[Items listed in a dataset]
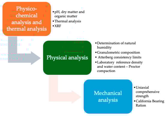 For physical analysis, three mixtures were analyzed. The first represents the examination of pure sediment without the addition of 0% binder and then with the addition of 3 and 5% phosphogypsum. Their application is reflected in their use as a road embankment and whether they fulfill the properties for the construction of such a layer. The idolized test is shown in the following block diagram (Figure 1).
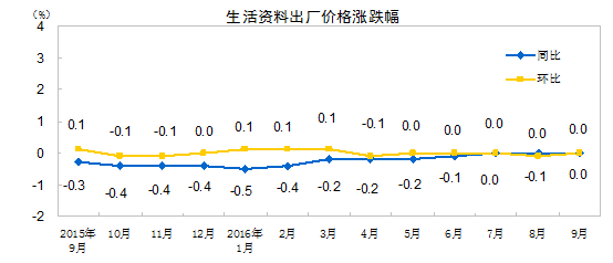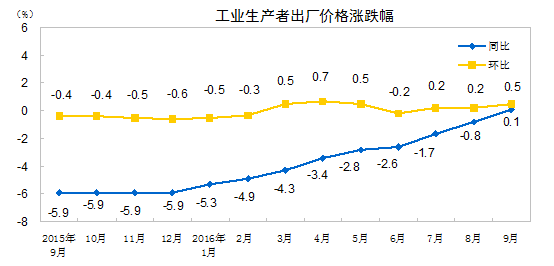 國家統計局:9月份PPI同比上漲0.1%
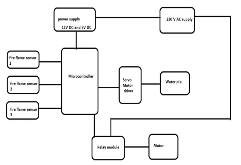 themicrocontroller,whichactsasthecontrolunit.Basedon sensor input, the microcontroller activates a relay module that controls the motor responsible for pumping water. Simultaneously,aservomotordriverdirectsaservomotor connectedtoawaterpipe,aimingitpreciselyatthefire.The water pipe then delivers water to extinguish the flame. Physically, the system is laid out over a rectangular area (such as a room or hall), with vertical lines representing sensorplacementsandthewaterpipeorsprinklersystem positionedabove.Thissetupensuresefficientfiredetection, targetedsuppression,andautomaticoperation.[4}
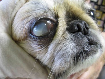 Catarata é uma opacidade na lente. A lente normal é completamente transparente e enfoca a imagem na retina por um processo de acomodação. A lente é isolada dentro de uma cápsula, mas se essa cápsula se altera, o corpo do animal entra em contato com as proteínas da lente e começa a atacá-las, produzindo uma inflamação muito dolorosa. A lente então se torna opaca, impedindo a visão. Essa opacidade pode ocupar uma pequena área da lente ou pode afetar a lente inteira. É uma anormalidade que merece atenção, pois pode levar a consequências sérias e até à perda do globo ocular.
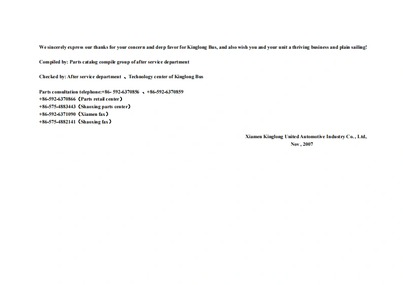 厦门金龙客车Kinglong_XMQ6127-YC6L330-20零部件目录手册图册找手册网3小时前发布关注私信8.88MB213页040厦门金龙客车Kinglong_XMQ6127-YC6L330-20零部件目录手册图册此内容为付费资源,请付费后查看¥39¥41黄金会员免费钻石会员免费登录购买付费资源 第1页 / 共213页 第2页 / 共213页 第3页 / 共213页 第4页 / 共213页 第5页 / 共213页 第6页 / 共213页 第7页 / 共213页 第8页 / 共213页 第9页 / 共213页 第10页 / 共213页 试读已结束,还剩203页,您可下载完整版后进行离线阅读 THE END陕汽/金龙 文本预览 金龙客车KING LONGXMQ6127配件图册Parts catalog (Saudi Arabia)厦门金龙联合汽车工业有限公司Xiamen King Long United Automotive Industry Co.,Ltd. 查看更多 收起部分 喜欢就支持一下吧收藏
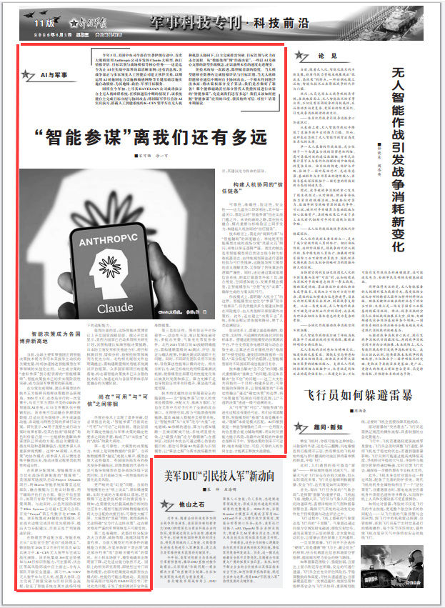 但技术的每一次跃进,都伴随着新的隐忧。当大模型能够在数秒内完成情报评估与目标识别,当无人机蜂群能够在通信中断时自主协同攻击,一个根本性问题浮出水面:将决策权部分交予算法,我们是否做好了准备?那个能够辅助甚至部分替代人类指挥员进行决策的“智能参谋”,究竟离我们还有多远?我们又该如何把握“智能参谋”应用的尺度,使其始终可信、可控?请看本期解读。

WHAT YOU HAVE TO DO:
Above are records; repeat only the lines from the line with "國家統計局:9月份PPI同比上漲0.1%" through the line with "查看更多 收起部分 喜欢就支持一下吧收藏", and leave pictures out.

TASK SOLUTION:
 國家統計局:9月份PPI同比上漲0.1%
 themicrocontroller,whichactsasthecontrolunit.Basedon sensor input, the microcontroller activates a relay module that controls the motor responsible for pumping water. Simultaneously,aservomotordriverdirectsaservomotor connectedtoawaterpipe,aimingitpreciselyatthefire.The water pipe then delivers water to extinguish the flame. Physically, the system is laid out over a rectangular area (such as a room or hall), with vertical lines representing sensorplacementsandthewaterpipeorsprinklersystem positionedabove.Thissetupensuresefficientfiredetection, targetedsuppression,andautomaticoperation.[4}
 Catarata é uma opacidade na lente. A lente normal é completamente transparente e enfoca a imagem na retina por um processo de acomodação. A lente é isolada dentro de uma cápsula, mas se essa cápsula se altera, o corpo do animal entra em contato com as proteínas da lente e começa a atacá-las, produzindo uma inflamação muito dolorosa. A lente então se torna opaca, impedindo a visão. Essa opacidade pode ocupar uma pequena área da lente ou pode afetar a lente inteira. É uma anormalidade que merece atenção, pois pode levar a consequências sérias e até à perda do globo ocular.
 厦门金龙客车Kinglong_XMQ6127-YC6L330-20零部件目录手册图册找手册网3小时前发布关注私信8.88MB213页040厦门金龙客车Kinglong_XMQ6127-YC6L330-20零部件目录手册图册此内容为付费资源,请付费后查看¥39¥41黄金会员免费钻石会员免费登录购买付费资源 第1页 / 共213页 第2页 / 共213页 第3页 / 共213页 第4页 / 共213页 第5页 / 共213页 第6页 / 共213页 第7页 / 共213页 第8页 / 共213页 第9页 / 共213页 第10页 / 共213页 试读已结束,还剩203页,您可下载完整版后进行离线阅读 THE END陕汽/金龙 文本预览 金龙客车KING LONGXMQ6127配件图册Parts catalog (Saudi Arabia)厦门金龙联合汽车工业有限公司Xiamen King Long United Automotive Industry Co.,Ltd. 查看更多 收起部分 喜欢就支持一下吧收藏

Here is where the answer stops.